そろそろ髪を切るべき時期なのかもしれないな。まるでワカメみたいな頭になっている。
この髪色はなかなかプリティで好きなのだが。
「吾輩自体が新人類ですからな。同胞を手に掛けるのはいささか心苦しい」
「……ふん。一つ、いや二つ命じていいですか?」
「なんでございましょう」
お嬢様はそう言って、びしりとこちらを指差してきた。
「一つ。わたくしの前で息をしないこと」
「無理ですな」
「一つ。氷結林の”魔女”とやらを調査してほしいのです」
「ああ……森林ルートの通行を妨害しているという賊ですか。最近話題になってきてるらしいですね。もっとも、そんな小物――野良の傭兵に任せればいいでしょう」
「森林に遺跡が発見されたのですよ」
「ほう」
遺跡か。旧時代の遺産にはかなり興味がある。
最近開発が進みつつあるフロートデバイスも、遺跡からのデータから再現されたものだった。

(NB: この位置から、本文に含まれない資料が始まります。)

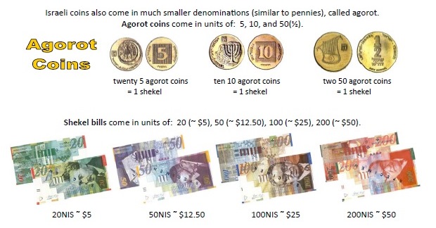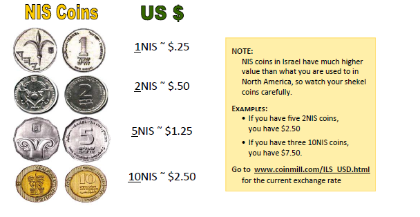 The local currency is the New Israeli Shekel. Each shekel is worth about 25 cents. Shekel coins come in units of 1 (~25 cents), 2 (~50 cents), 5 (~$1.25),and 10 (~$2.50), as well as much smaller coin denominations called agorot. Shekel bills come in units of 20 (~$5), 50 (~$12.50), 100 (~$25) and 200 (~$50) denominations. One important thing to keep in mind is that coins in Israel have much higher values than what we are used to in North America, so watch your coins carefully. Go to www.coinmill.com/ILS_USD.html for the current exchange rate.

気晴らしに多少は軍人らしいことをしてもいいか。最近研究ばかりだったからな。
吾輩はお嬢様に敬礼し、高らかに自分の名を謳った。
「了解いたしました。ザンス・ブラッディマリー、出撃させていただきます」
「ええ、できればそのまま二度と帰ってこないでちょうだい」
もしかして吾輩は嫌われているんだろうか。